Partiti i ragazzi, il cielo volle che Iannetella sfornasse finalmente una bella pupa, e così, tutta contenta, raccomandò alla levatrice di mettere subito fuori il segnale per far tornare a casa i figli, ma quella fu così distratta che mise fuori il segnale sbagliato: anziché cucchiaio e conocchia, la sciagurata espose penna e calamaio; a  quel punto, convinti che anche questa volta la mamma avesse fatto un maschio, i sette fratelli se ne andarono via. Camminarono per tre lunghi anni, fino a quando arrivarono ad un bosco – dove gli alberi al suono di una fiumara che faceva contrappunti sulle pietre, facevano un bel ballo con i fiori – dove c'era la casa di un orco, il quale, avendo perso gli occhi durante il sonno per mano di una femmina, ora non ne poteva più vedere una. I sette fratelli, che non ne potevano più dalla stanchezza e dalla fame, gli chiesero per compassione di poter mangiare qualche tozzo di pane; l'orco offrì loro di restare al suo servizio, e in cambio avrebbero avuto tutto quello che volevano; l'unica cosa che dovevano fare era guidarlo tutto il giorno come un cagnolino. Sentito questo, i fanciulli accettarono di buon grado, felici come se avessero trovato un altro padre e un'altra madre, e restarono a servirlo. Intanto l'orco in breve tempo aveva imparato a memoria i loro nomi, chiamandoli a turno, ora Giangrazio, ora Cecchitiello, ora Pasquale, ora Nuccio, ora Pone, ora Pezillo, ora Carcavecchia, e finalmente i ragazzi avevano un tetto caldo e sicuro sulla testa e cibo a sufficienza per vivere.

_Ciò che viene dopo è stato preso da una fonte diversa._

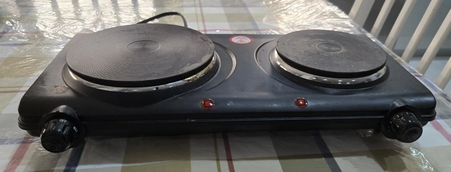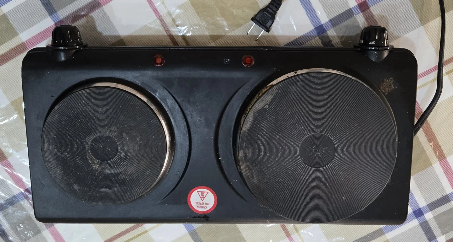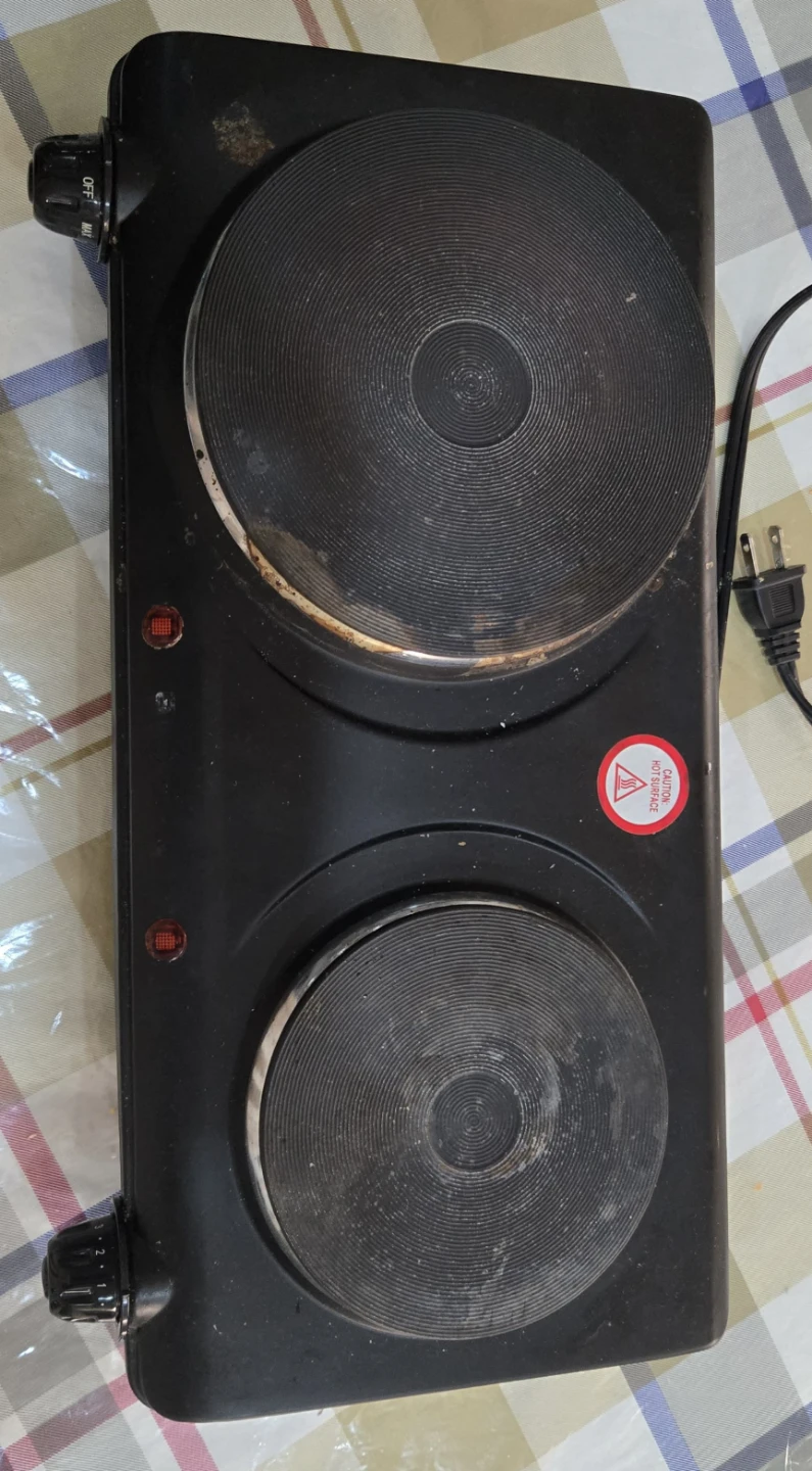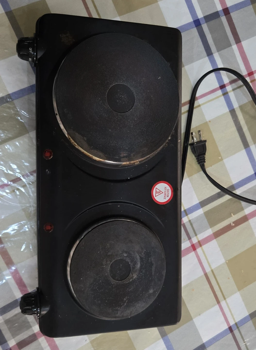 Selling a used Elite Gourmet double electric burner. It shows signs of wear and use, but still works. Perfect for camping or small spaces

Ma dopo qualche anno, la sorellina era cresciuta, ed era venuta a sapere dell'esistenza dei fratelli, e che questi ora erravano chissà dove per colpa dello sbaglio della levatrice, e non avendo più avuto notizie di loro, un giorno decise che doveva a tutti i costi andare a cercarli, e tanto fece e tanto disse che riuscì a convincere la mamma a lasciarla andare. Messasi in cammino, domandò a tutti quelli che incontrava se avevano visto i sette fratelli. Arrivò a un'osteria di paese, dove si fece spiegare la strada per quel bosco, e – quando il sole con il temperino dei suoi raggi scartavetra i segni fatta dalla notte nel cielo – si ritrovò finalmente nel bosco, dove i fratelli la riconobbero e maledissero la levatrice e il calamaio che li aveva fatti inutilmente allontanare. Dopo aver fatto alla sorella mille carezze, le raccomandarono di restare chiusa in camera, spiegandole che se l'orco l'avesse vista, l'avrebbe senz'altro mangiata, e le raccomandarono altresì di condividere ogni sorta di cibo con la gatta, per evitare che quella facesse poi qualche dispetto. Cianna, così si chiamava la ragazza, si fissò bene in testa i consigli dei fratelli e fece scrupolosamente come essi le dissero: se ne restava tutto il giorno in camera, e non mancava di compartire le pietanze con la gatta, dicendo sempre «questo a me, questo a te, questo alla figlia del re».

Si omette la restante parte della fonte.